Beneath this instruction is a block of data; output from it exactly the lines that run from the one containing "- Examples: CompTIA" through the one containing "As Toalhitas de", inclusive.

*STUDY MATERIAL*
====

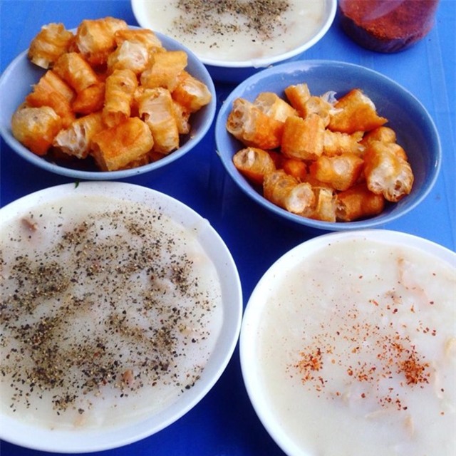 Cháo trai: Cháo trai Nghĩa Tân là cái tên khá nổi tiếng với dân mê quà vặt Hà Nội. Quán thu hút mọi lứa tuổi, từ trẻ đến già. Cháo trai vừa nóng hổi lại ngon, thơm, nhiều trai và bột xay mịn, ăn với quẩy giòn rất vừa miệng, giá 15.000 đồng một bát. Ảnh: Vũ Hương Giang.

====

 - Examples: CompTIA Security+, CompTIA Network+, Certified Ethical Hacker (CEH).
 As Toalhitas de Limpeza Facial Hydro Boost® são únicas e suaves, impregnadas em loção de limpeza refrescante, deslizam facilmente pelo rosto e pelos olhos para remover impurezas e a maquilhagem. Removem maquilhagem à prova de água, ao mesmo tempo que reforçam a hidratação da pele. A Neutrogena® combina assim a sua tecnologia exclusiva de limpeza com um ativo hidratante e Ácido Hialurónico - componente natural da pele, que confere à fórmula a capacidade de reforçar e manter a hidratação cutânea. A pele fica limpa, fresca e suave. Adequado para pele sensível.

====

*REPLY TO THE EXERCISE*
 - Examples: CompTIA Security+, CompTIA Network+, Certified Ethical Hacker (CEH).
 As Toalhitas de Limpeza Facial Hydro Boost® são únicas e suaves, impregnadas em loção de limpeza refrescante, deslizam facilmente pelo rosto e pelos olhos para remover impurezas e a maquilhagem. Removem maquilhagem à prova de água, ao mesmo tempo que reforçam a hidratação da pele. A Neutrogena® combina assim a sua tecnologia exclusiva de limpeza com um ativo hidratante e Ácido Hialurónico - componente natural da pele, que confere à fórmula a capacidade de reforçar e manter a hidratação cutânea. A pele fica limpa, fresca e suave. Adequado para pele sensível.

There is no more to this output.